# [TASK DETAILS]
Without the pictures, output the lines of the material from the very first through the one that holds "Au lieu d'utiliser".

# [AVAILABLE DATA]
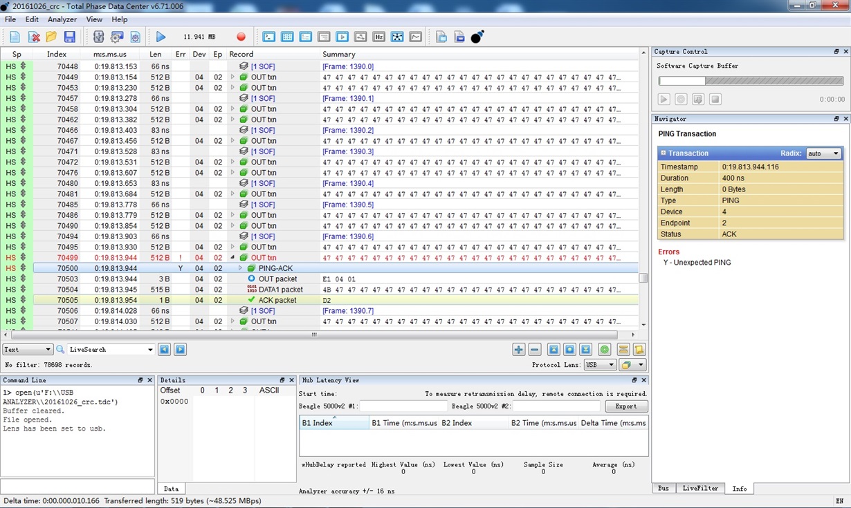 I meet unexpected PING-ACK issue when usb host transmit special data packet via usb analyzer.The issue may only occur when the follow conditions are established:
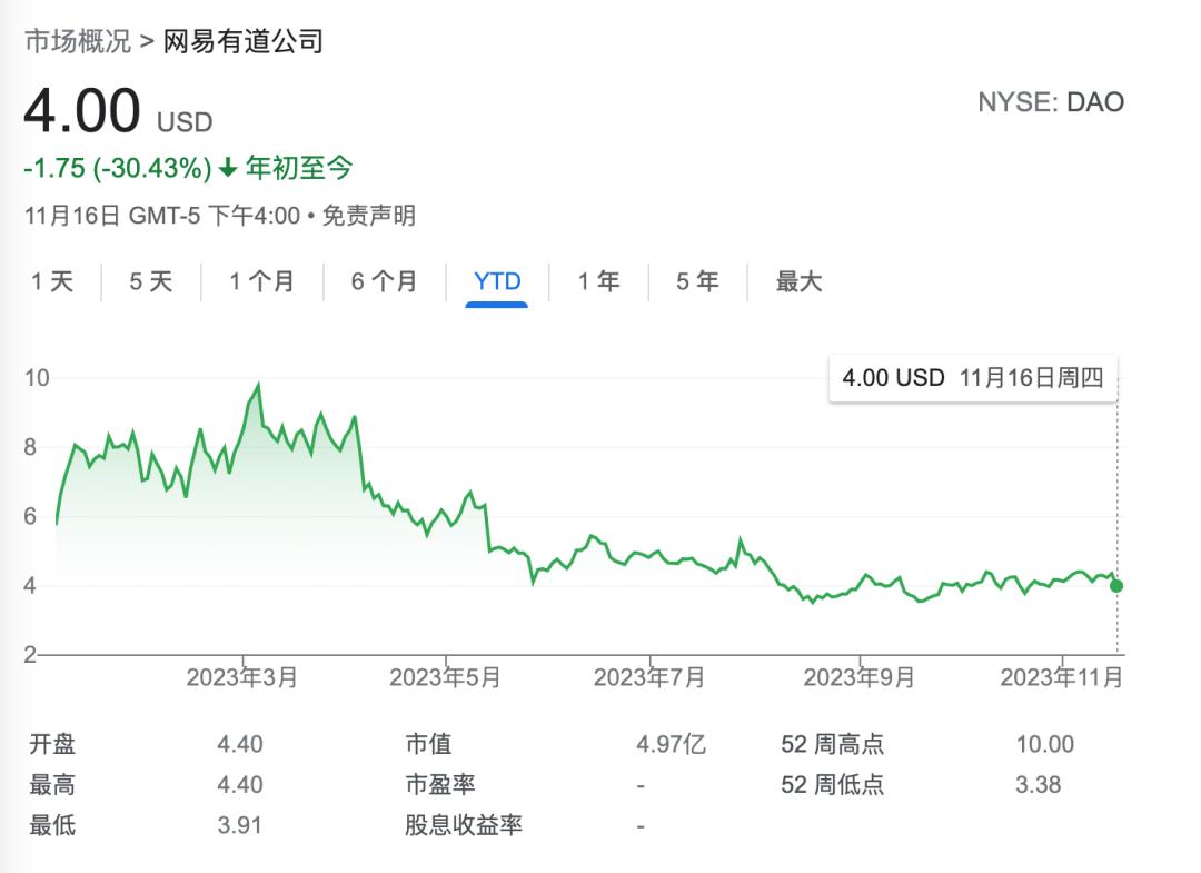 截至本文,有道公司今年以来股价下跌30.4%,当前市值为4.97亿美元。
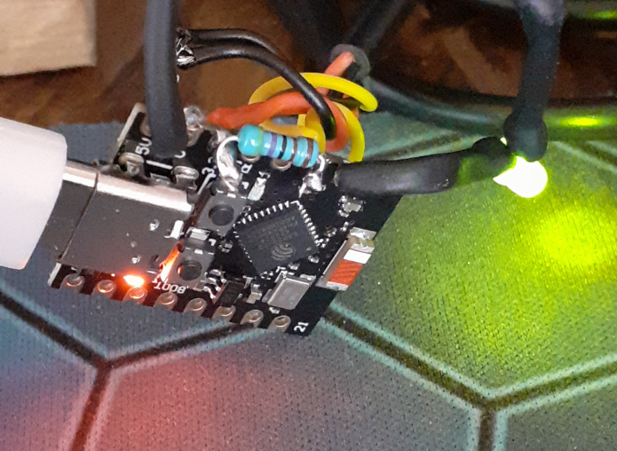 Au lieu d'utiliser la LED bleue interne de l'ESP, il y a une LED externe (avec une résistance) car l'ESP est caché dans un cadre mural et on ne voir pas sa LED bleue. Selon sa fréquence de clignotement de la LED déportée, elle indique quand il tente de se connecter au Wifi et quand il envoie les données.
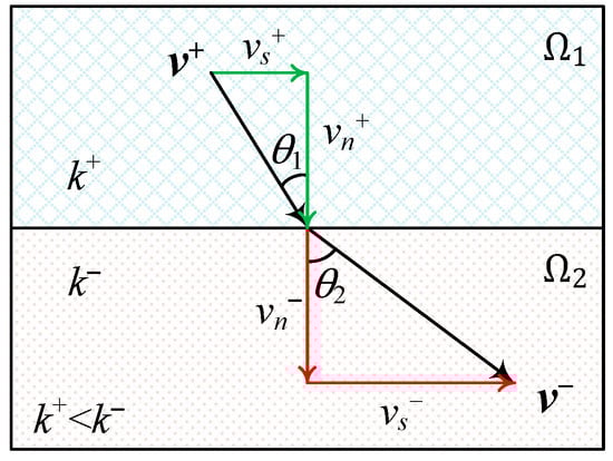 Imposing the refraction law to the governing equation as an additional constraint condition is an efficient approach to dealing with the second limitation. For example, Zhou et al. [] proposed a modified Yeh’s method using a post-processing scheme to enforce the refraction law across material interfaces. Thus, iterations are required for the scheme to achieve convergence. Additionally, Xie et al. [] developed a domain decomposed finite element method for solving the Darcy velocity in heterogeneous porous media without iterations. The basic idea is to separate the problem domain into several subdomains by material interfaces with coercive refraction law. Nevertheless, the above FEM-based methods are still mesh-dependent, which is inconvenient for pre-processing, especially when material interfaces are complex.
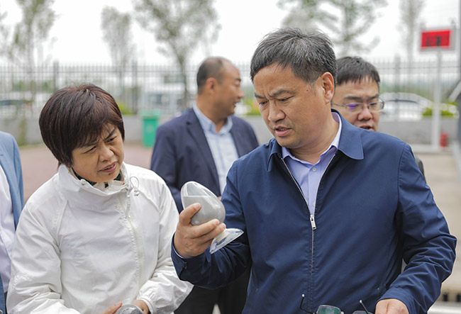 當天下午,省、市發改委導深入河南中譽鼎力智能裝備有限公司、衛輝市藍天環保材料有限公司,了解砂石采礦權、機制砂生產銷售、機制砂設備制造推廣等相關情況。衛輝市長范士富、常務副市長李志勇、發展改革委主任劉寧、副主任姚華,河南中譽鼎力智能裝備有限公司董事長張治民、總經理等陪同,并介紹各項情況。
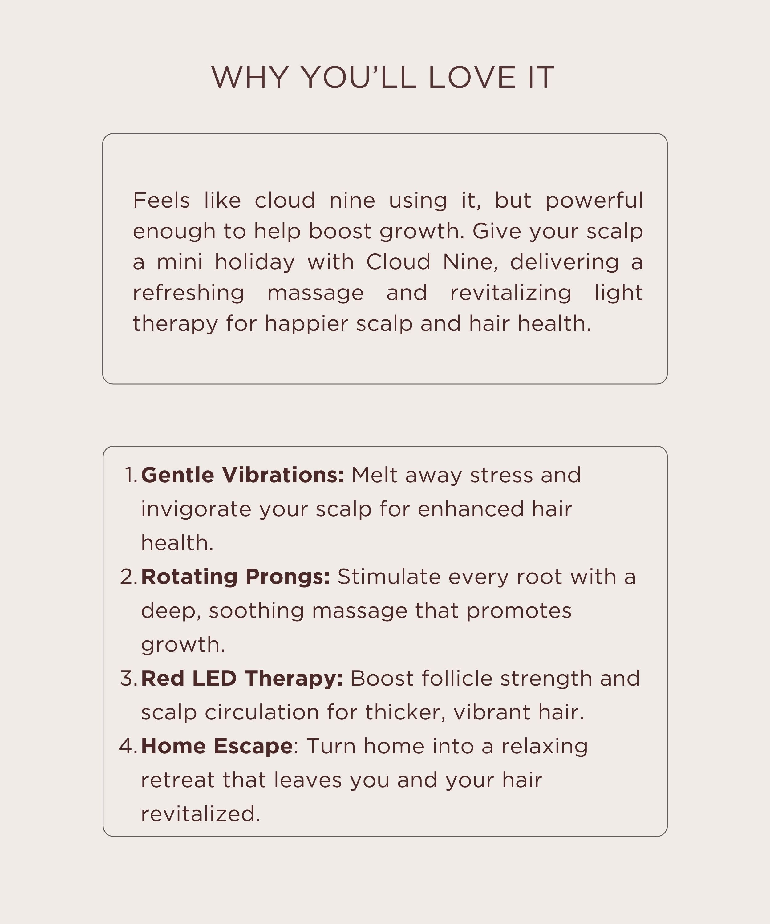 Fuller hair starts with a healthier scalp. Cloud 9 combines red light and gentle massage to support circulation, reduce tension, and create the conditions for stronger, more resilient hair over time. Just 15 minutes, a few times a week—no pressure, just quiet progress.
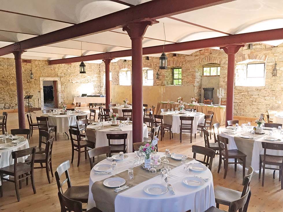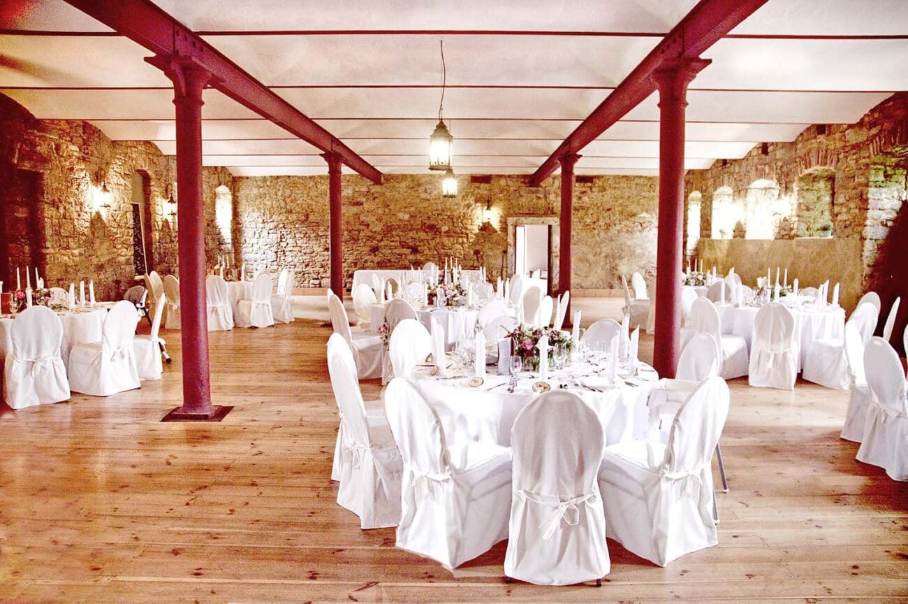 Es erwartet euch der wunderbare Schlosshof – geprägt vom unvergleichlichen Ambiente des traumhaft liebenswerten Wasserschlosses–, der idyllische Schlossgarten für Trauung, Empfang, Kaffee sowie Aktivitäten am Nachmittag und am Abend die prachtvolle Rote Stallung mit Bruchsteinwänden und Holzboden, wo ihr ungestört bis in die Nacht feiern könnt.
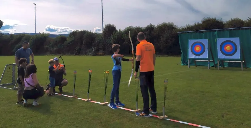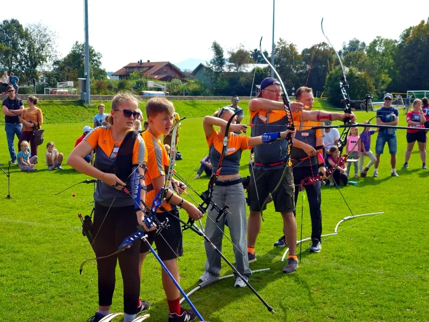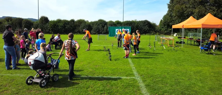 Untermalt mit cooler Musik konnten Kinder und Erwachsenen bei uns ihre Pfeile auf zwei Zielscheiben abschießen. Den ganzen Tag standen unsere Mitglieder für Auskünfte, Fragen und die Ausgabe der Schutzausrüstungen zur Verfügung und brachten den Neulingen unseren Sport näher. Gerade der Kinder-Compoundbogen war bei den „kleinen Robin Hoods“ zwischen sechs und neun Jahren sehr beliebt. Zwischendurch wurden bei einer Vorführung noch die verschiedensten Bogenarten vorgestellt und unseren Schützen, darunter auch viele Jugendschützen, demonstrierten wie es nach ein paar Jahren Training aussehen kann.
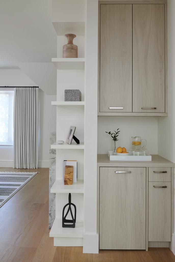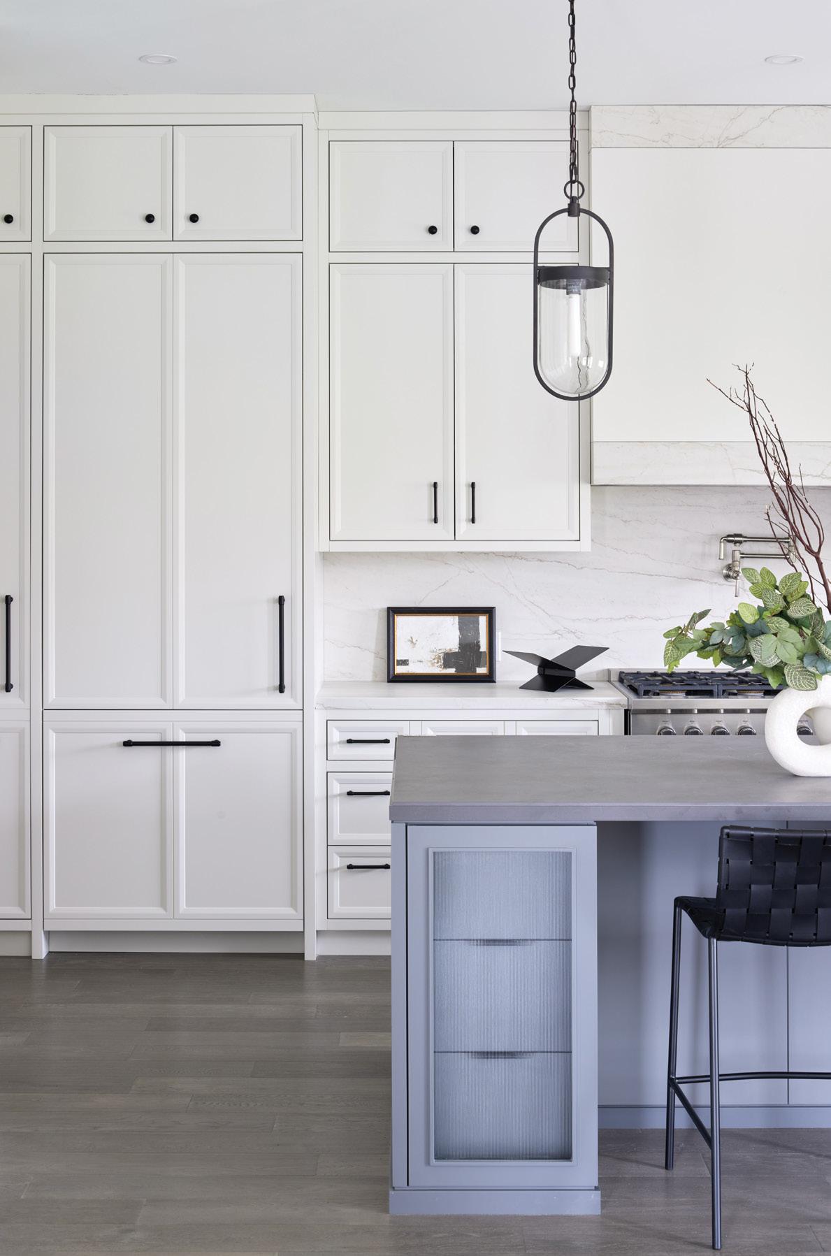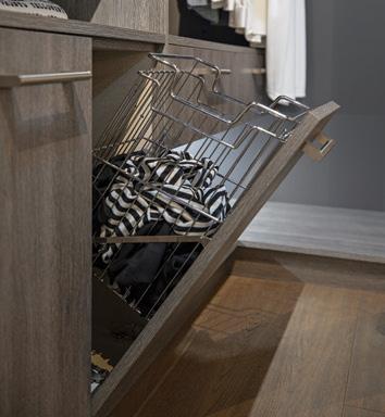 Installing pull-out laundry bins concealed behind cabinetry keeps things looking tidy.
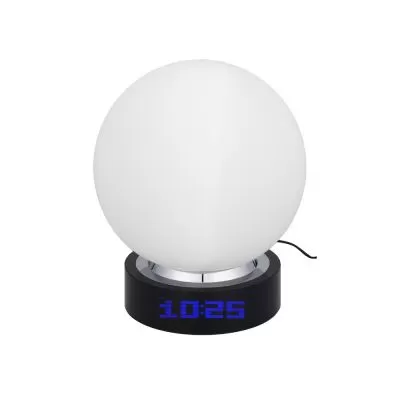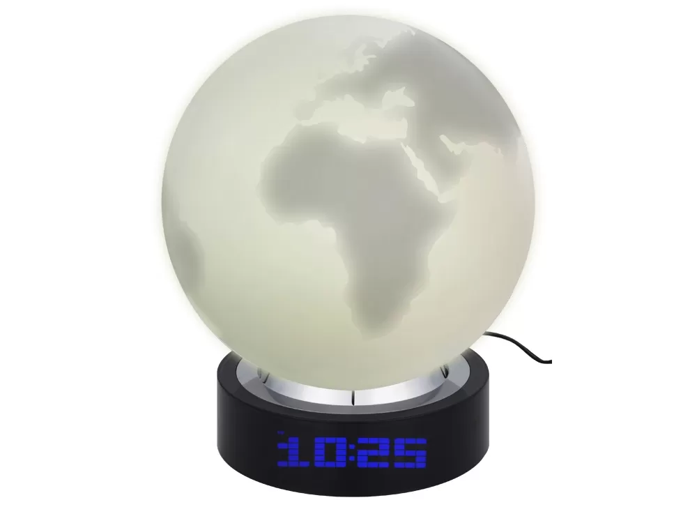 Лампа настольная с часами, датой и термометром. При включении на поверхности лампы появляется стилизованное изображение земного шара
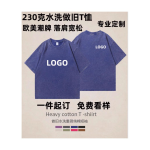 クロスボーダー230g純綿アメリカンウォッシュ加工ヴィンテージ風雪花染めレトロオーバーサイズメンズ半袖Tシャツ
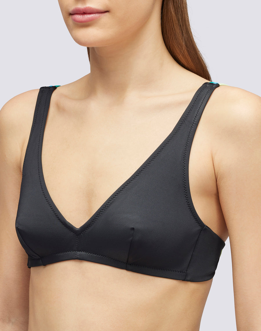 This bikini combines comfort and style thanks to its soft shape and rainbow details on the straps and bottom. Perfect for a fresh and colorful look, enjoy the sea or the pool in total relaxation.
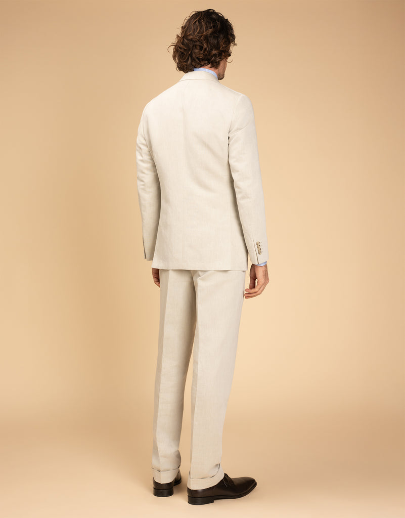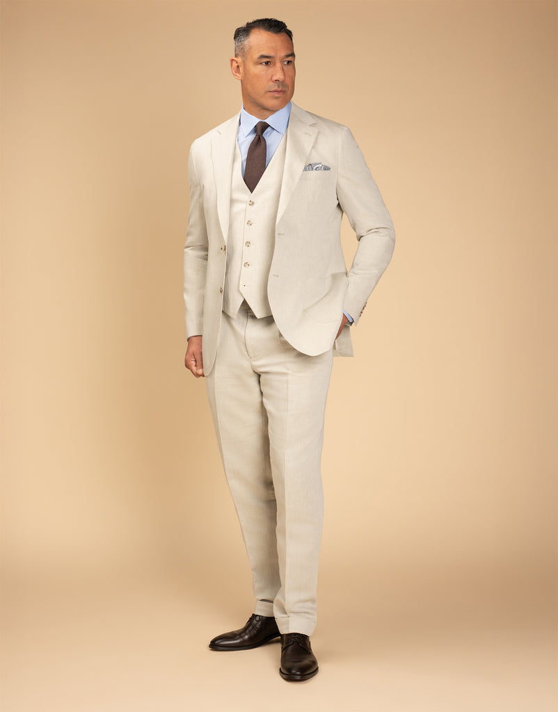 Get ready to elevate your summer style with the Malta Beige Linen Blend Suit. This light bone colored suit is made from high-quality Italian fabrics, ensuring both luxurious feel and durable wear. Perfect for any summer event, its tailored fit offers just the right amount of versatility. Complete your look with the Malta Blazer, Evans Trouser, and Churchill Waistcoat for a sharp and stylish three-piece suit that will turn heads wherever you go!
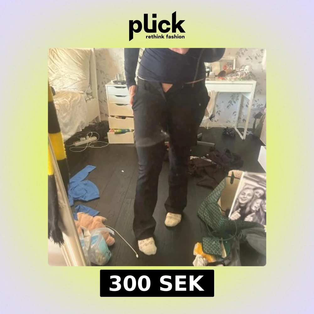 Svarta kostymbyxor från bikbok med bootcut-snitt och normal passform. Byxorna har klassiska fickor fram, bälteshällor och stängs med dragkedja och knapp. Materialet är mjukt och har en lätt stretch för skön känsla. Perfekta till en snygg topp eller hoodie.

# [WRITTEN RESPONSE]
 I meet unexpected PING-ACK issue when usb host transmit special data packet via usb analyzer.The issue may only occur when the follow conditions are established:
 截至本文,有道公司今年以来股价下跌30.4%,当前市值为4.97亿美元。
 Au lieu d'utiliser la LED bleue interne de l'ESP, il y a une LED externe (avec une résistance) car l'ESP est caché dans un cadre mural et on ne voir pas sa LED bleue. Selon sa fréquence de clignotement de la LED déportée, elle indique quand il tente de se connecter au Wifi et quand il envoie les données.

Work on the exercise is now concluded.